Female Religiosity in Central Asia: Sufi Leaders in the Persianate World traces the remarkable story of the Sufi master Aghā-yi Buzurg and her ascent to religious prominence as the “Great Lady” of sixteenth-century Bukhara. Through her life and legacy, the book opens a window onto the little-known world of female religious authority in early modern Islamic Central Asia, revealing a far more complex and dynamic gender history than previously understood.
Rather than treating gender as a fixed category, the study approaches it as a historically contingent construct—one actively shaped through religious discourse, social practice, and institutional life. By mapping female religious authority onto the spiritual and narrative landscapes of the early modern Persianate world, the book offers an intervention into broader debates on women and religion in Islam. Drawing on previously unexamined primary sources, Female Religiosity in Central Asia brings to light a vibrant world of female piety—marked by communal leadership, competition for spiritual prestige, and negotiations with political power—that reshapes prevailing understandings of women’s roles in the religious and social life of the region.

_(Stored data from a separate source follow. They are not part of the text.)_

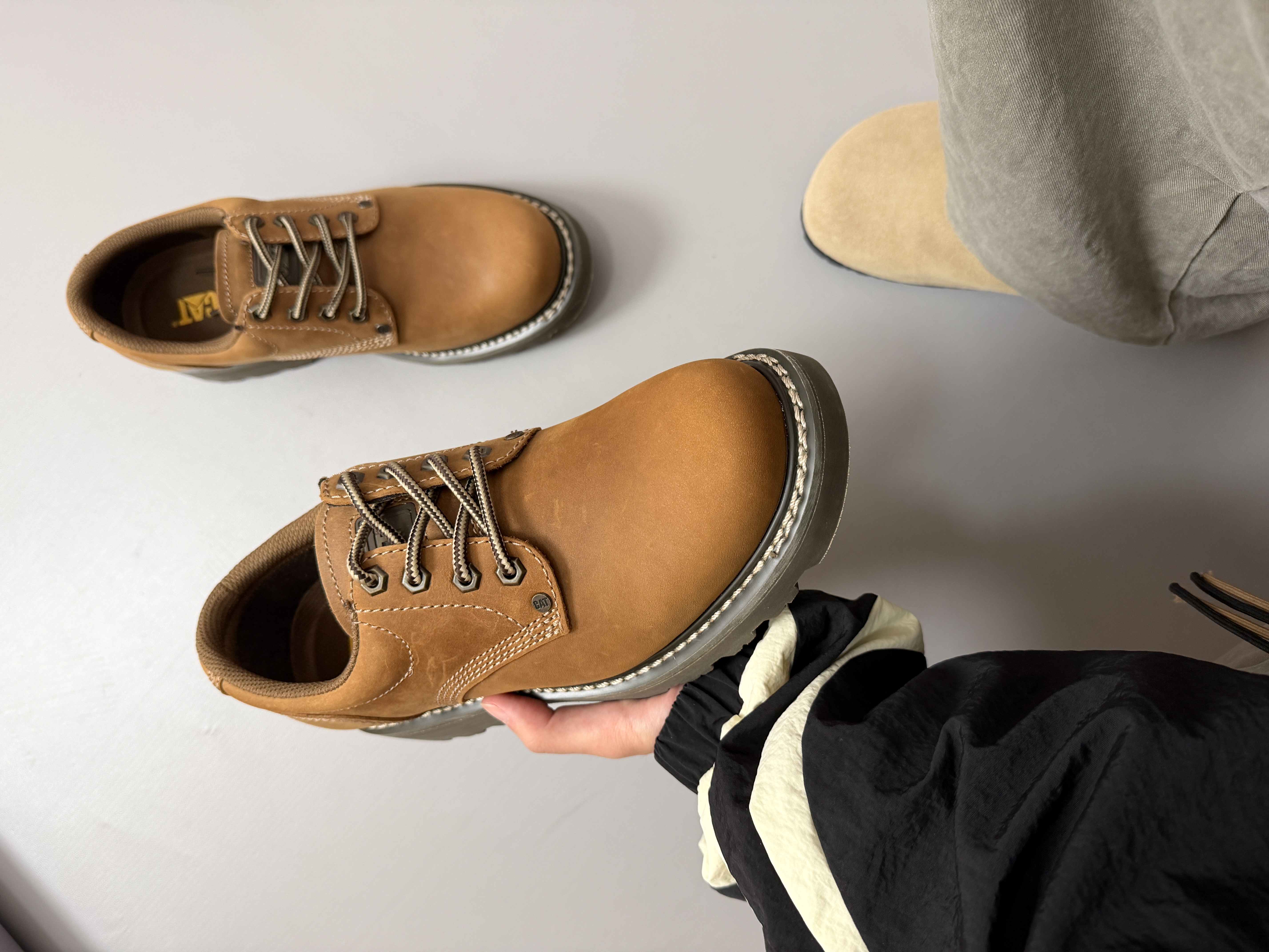 找到了我的梦中情靴 #CAT SS23 Expressway ✅浅棕工装靴,轻到能塞包里, 防水皮面+防滑齿纹安全感满满, 雨天踩水坑💦稳如老狗,穿久不带累的! ✅自带复古滤镜的它搭配牛仔裤或工装裤! 直接氛围感拉满,日常通勤轻轻松松~ ⚠️尺码参考:170/120 穿着 41刚刚好‼️ @CAT官方 #CAT卡特 #秋天宝藏户外休闲鞋 #新鞋零时差 #双旦礼物礼物节 #双旦礼物...
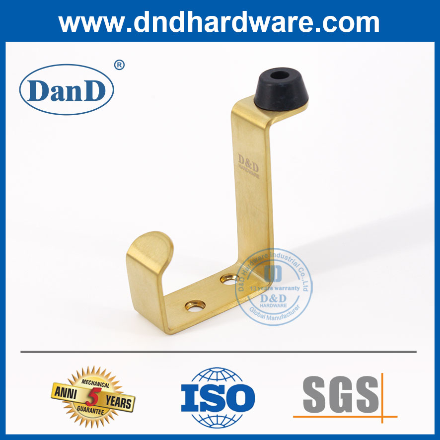 Wall-DDDS024에 코트 후크가 있는 새틴 황동 스테인레스 스틸 골든 도어 스토퍼
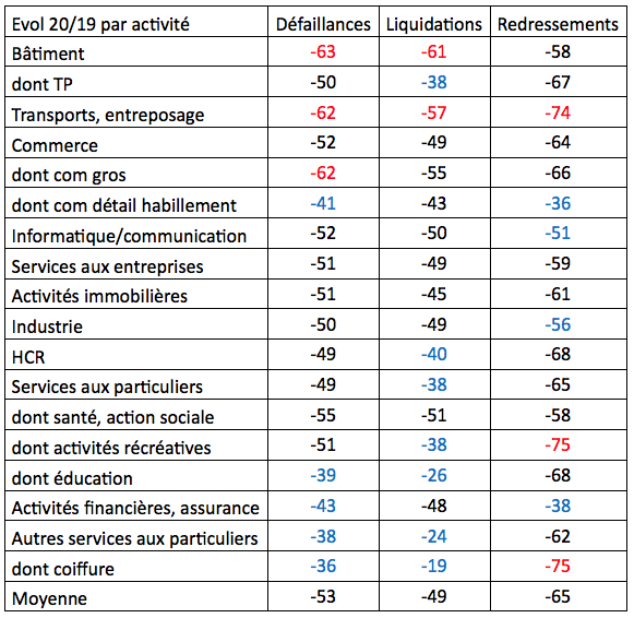Dans certaines activités les liquidations sont plutôt proches de 2019, alors que les redressements sont nettement moins nombreux (exemples de la coiffure, de l’éducation, des activités récréatives, des travaux publics…).
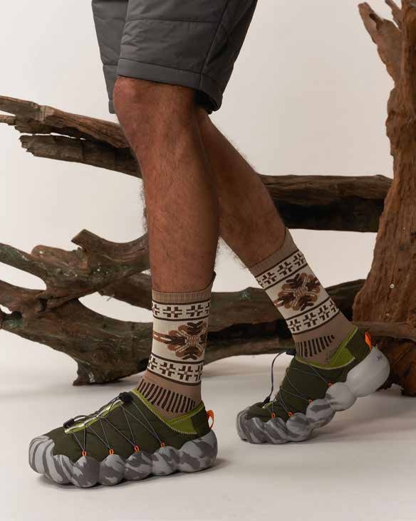Née en Suisse, Uppervoid s’impose comme l’une des marques les plus inspirantes du nouvel outdoor premium. Sa devise, « vIn Nature We Trust », résume une approche philosophique qui réconcilie design épuré, innovation et conscience environnementale. Conçu comme un compagnon de fin de journée en montagne, le Hover est un modèle ultraléger qui allie audace et haute technicité (mousse bio-basée super amortissante, semelle Ortholite, isolation Thermolite, traitement antibactérien pour les odeurs de pieds devant la télé, et semelle extérieure Octopus pour coller à la route mouillée par le génépi). Il s’utilise aussi bien après une randonnée que pour aller promener le chien.

Aziza Shanazarova is Assistant Professor in the Department of Religion at Columbia University, where she specializes on the religious history of Islamic Central Asia and the broader Persianate world with an emphasis on the sixteenth to the twentieth centuries. She holds a dual PhD in Religious Studies and Central Eurasian Studies completed at Indiana University-Bloomington in 2019. Before joining the Department of Religion, Aziza was a UCIS/REEES Postdoctoral Associate in the Humanities at the University of Pittsburgh.